LeGo CertHub v0.13.1

[v0.13.1] - 2023-10-12

This release adds the ability to add, edit, and delete providers via the
frontend GUI. It is now possible to setup LeGo without manually editing
the config file. You should still check the config example to see if you
need or want to set any of those options.

Added

• Add ability to add, edit, and delete providers via the GUI and without
  having to restart LeGo.
• Add example config to release packages and docker image. This should
  have been added last version.

Changed

• If dns_checker can't properly configure dns servers, fallback to sleep
  for 2 minutes. This is to avoid app start failure in this instance and
  instead to use a reasonable alternative. An error is still logged.
• Change deprecated substr func to substring func.
• Set 'Revoke' button on certificate orders to be red.
• Don't redact acme-dns provider info. It isn't sensitive enough to
  justify the additional complexity.
• Always log some basic info when orders are placed and completed.
  Previously this was only showing at debug log level.

Fixed

• Fix sometimes non-unique key on GUI display of provider config.
• Fix handling of redacted info when it is POSTed.

Removed

N/A

LeGo CertHub v0.13.0

[v0.13.0] - 2023-10-10

Warning
Please read as there are breaking changes requiring manual intervention.

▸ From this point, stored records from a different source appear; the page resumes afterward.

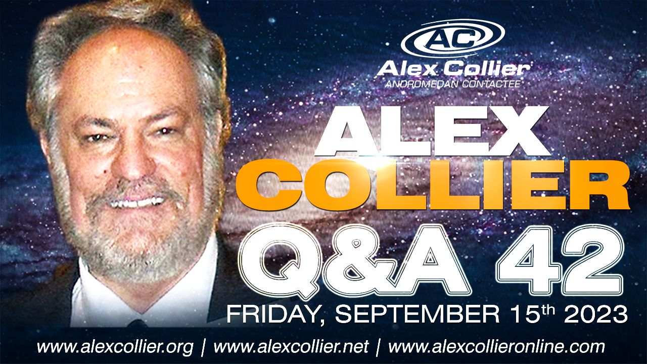 Alex hosted his 42nd *LIVE* Question and Answer webinar on September 15, 2023. The webinar was just over two hours and 40 minutes in length. This webinar included a 32-minute monologue where Alex talked a little about what was happening in the world, and then Alex answered questions for the remainder of the webinar. Hosted by James Harkin from AlexCollier.org and the former radio host for Wolf Spirit Radio JayPee. Alex presented great insight into what is happening in this world and beyond.
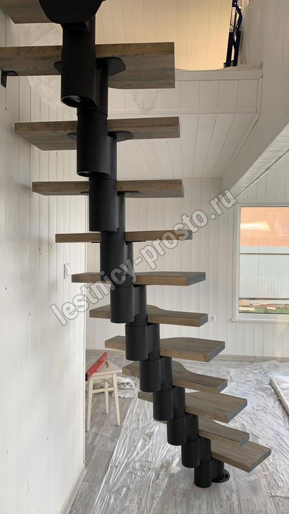Лестница Prosto Urban Black гусиный шаг 700 мм, h216-312 см (12 ступеней), дуб
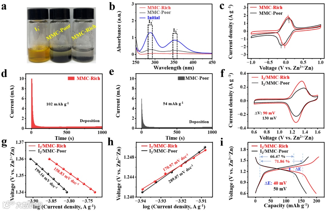 图3 (a) MMC-Poor与MMC-Rich在4 mM I3−溶液中的吸附能力测试及(b)相应的紫外−可见吸收光谱。(c) MMC-Poor与MMC-Rich对称电池的CV曲线。碘在(d) MMC-Rich及(e) MMC-Poor上的沉积曲线。(f) I2/MMC-Rich与I2/MMC-Poor电池的CV曲线,(g, h)相应的塔菲尔斜率及(i)充放电曲线。
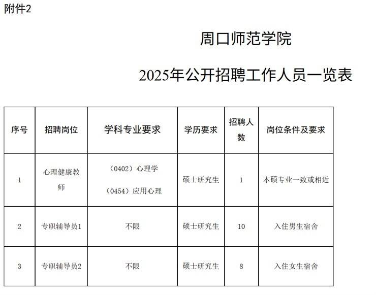 10.岗位所需的专业和其他条件(详见附件2《周口师范学院2025年公开招聘工作人员一览表》);
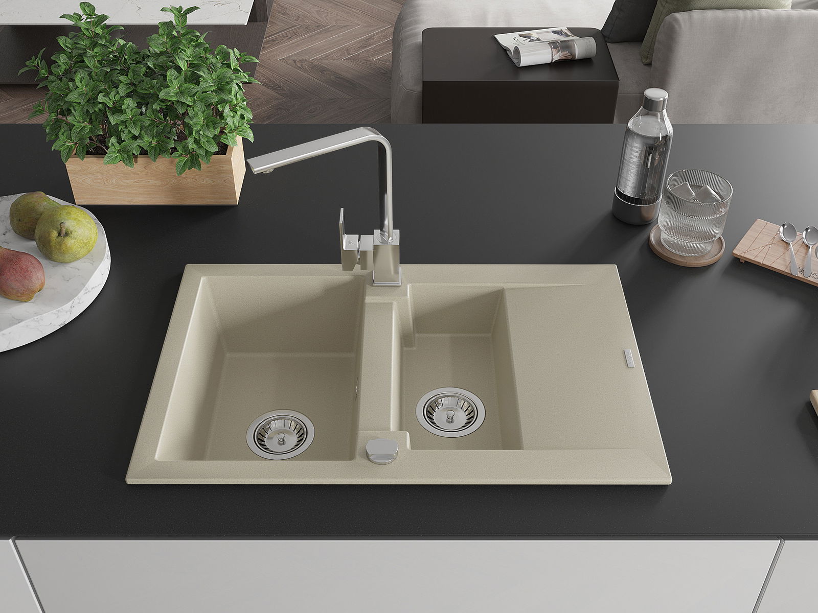 Kriauklės paviršius yra atsparus dėmėms ir spalvos pokyčiams, todėl jį lengva prižiūrėti ir jis išlaiko savo spalvą ilgą laiką. Estetiškai ir praktiškai papildo kiekvieną virtuvę.

1: LeGo config MUST be updated using the new provider format which includes
specifying domains. See the example config file. A wildcard provider can also
be configured (single domain of *) and LeGo will use this provider if there
is no provider configured for a given domain. If you only use one provider,
you should add the wildcard domain and you're done.
I forgot to bundle the example in the release files and docker image. For now, here is the link:
https://github.com/gregtwallace/legocerthub-backend/blob/v0.13.0/config.example.yaml

2: Domain arg has been removed from dns manual scripts. Domain cannot be reliably
determined and as such it has been removed. This caused the position of the args
for these scripts to move and your scripts will need an update if you use this
method.

3: Removed redirects from old paths. When LeGo added the base path /legocerthub
old routes at base / were given redirects to prevent breakage. These redirects
are now removed and any clients using the old paths will need their scripts
updated.

This release does away with the need to select a challenge provider for each
certificate. It also has several tweaks and minor fixes.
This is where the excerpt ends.